Normally, they wouldn't be able to strike, cast shield, and cast a striking spell cantrip all in the same round. When hasted, that's probably the way to go rather than a second strike, but for non hasted rounds you're either striking with that spell or using Shield. So the question becomes not if shield is better than the temp HP, but if shield is better than the strike. In fact, since you get the temp HP whether you strike that round or not, you could actually get both the shield and the HP if you really need to turtle up for some reason.

Plus, if you ever do need to use that shield to block, Sustaining Steel is a lot better than nothing for the next ten minutes.

I think the numbers need work, especially since there's lot of rounds where 2 strikes and shield is better than Striking spell + Strike, but fundamentally I agree with Unicore that Sustaining Steel was meant to be a shield block replacement.

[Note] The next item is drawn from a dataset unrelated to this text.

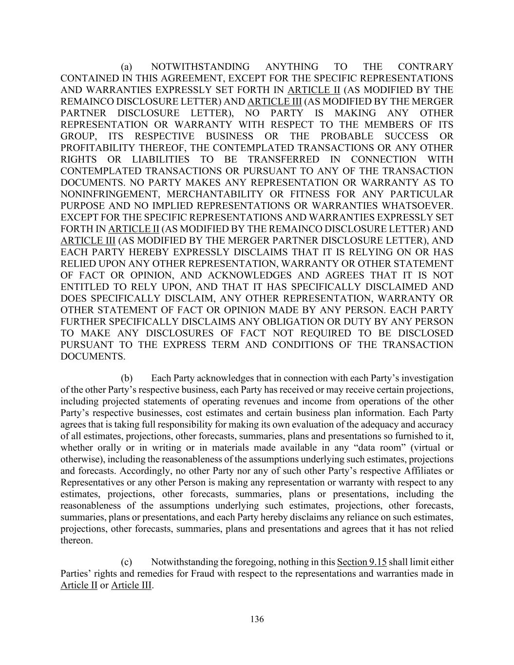 136 (a) NOTWITHSTANDING ANYTHING TO THE CONTRARY CONTAINED IN THIS AGREEMENT, EXCEPT FOR THE SPECIFIC REPRESENTATIONS AND WARRANTIES EXPRESSLY SET FORTH IN ARTICLE II (AS MODIFIED BY THE REMAINCO DISCLOSURE LETTER) AND ARTICLE III (AS MODIFIED BY THE MERGER PARTNER DISCLOSURE LETTER), NO PARTY IS MAKING ANY OTHER REPRESENTATION OR WARRANTY WITH RESPECT TO THE MEMBERS OF ITS GROUP, ITS RESPECTIVE BUSINESS OR THE PROBABLE SUCCESS OR PROFITABILITY THEREOF, THE CONTEMPLATED TRANSACTIONS OR ANY OTHER RIGHTS OR LIABILITIES TO BE TRANSFERRED IN CONNECTION WITH CONTEMPLATED TRANSACTIONS OR PURSUANT TO ANY OF THE TRANSACTION DOCUMENTS. NO PARTY MAKES ANY REPRESENTATION OR WARRANTY AS TO NONINFRINGEMENT, MERCHANTABILITY OR FITNESS FOR ANY PARTICULAR PURPOSE AND NO IMPLIED REPRESENTATIONS OR WARRANTIES WHATSOEVER. EXCEPT FOR THE SPECIFIC REPRESENTATIONS AND WARRANTIES EXPRESSLY SET FORTH IN ARTICLE II (AS MODIFIED BY THE REMAINCO DISCLOSURE LETTER) AND ARTICLE III (AS MODIFIED BY THE MERGER PARTNER DISCLOSURE LETTER), AND EACH PARTY HEREBY EXPRESSLY DISCLAIMS THAT IT IS RELYING ON OR HAS RELIED UPON ANY OTHER REPRESENTATION, WARRANTY OR OTHER STATEMENT OF FACT OR OPINION, AND ACKNOWLEDGES AND AGREES THAT IT IS NOT ENTITLED TO RELY UPON, AND THAT IT HAS SPECIFICALLY DISCLAIMED AND DOES SPECIFICALLY DISCLAIM, ANY OTHER REPRESENTATION, WARRANTY OR OTHER STATEMENT OF FACT OR OPINION MADE BY ANY PERSON. EACH PARTY FURTHER SPECIFICALLY DISCLAIMS ANY OBLIGATION OR DUTY BY ANY PERSON TO MAKE ANY DISCLOSURES OF FACT NOT REQUIRED TO BE DISCLOSED PURSUANT TO THE EXPRESS TERM AND CONDITIONS OF THE TRANSACTION DOCUMENTS. (b) Each Party acknowledges that in connection with each Party’s investigation of the other Party’s respective business, each Party has received or may receive certain projections, including projected statements of operating revenues and income from operations of the other Party’s respective businesses, cost estimates and certain business plan information. Each Party agrees that is taking full responsibility for making its own evaluation of the adequacy and accuracy of all estimates, projections, other forecasts, summaries, plans and presentations so furnished to it, whether orally or in writing or in materials made available in any “data room” (virtual or otherwise), including the reasonableness of the assumptions underlying such estimates, projections and forecasts. Accordingly, no other Party nor any of such other Party’s respective Affiliates or Representatives or any other Person is making any representation or warranty with respect to any estimates, projections, other forecasts, summaries, plans or presentations, including the reasonableness of the assumptions underlying such estimates, projections, other forecasts, summaries, plans or presentations, and each Party hereby disclaims any reliance on such estimates, projections, other forecasts, summaries, plans and presentations and agrees that it has not relied thereon. (c) Notwithstanding the foregoing, nothing in this Section 9.15 shall limit either Parties’ rights and remedies for Fraud with respect to the representations and warranties made in Article II or Article III.

The point is that they are better off just attacking twice and casting shield than using striking spell with a cantrip at all, because they do more expected damage attacking 3 times than they do using striking spell and a cantrip. And pretty much universally, people consider striking twice and using a/casting shield to be better than attacking three times.

I wonder what level that would adjust if at all.

A two action produce flame at 1st level would be with a greatsword 1d12+3 plus 1d4+3 for an average hit of 16. Versus two greatsword strikes of 19.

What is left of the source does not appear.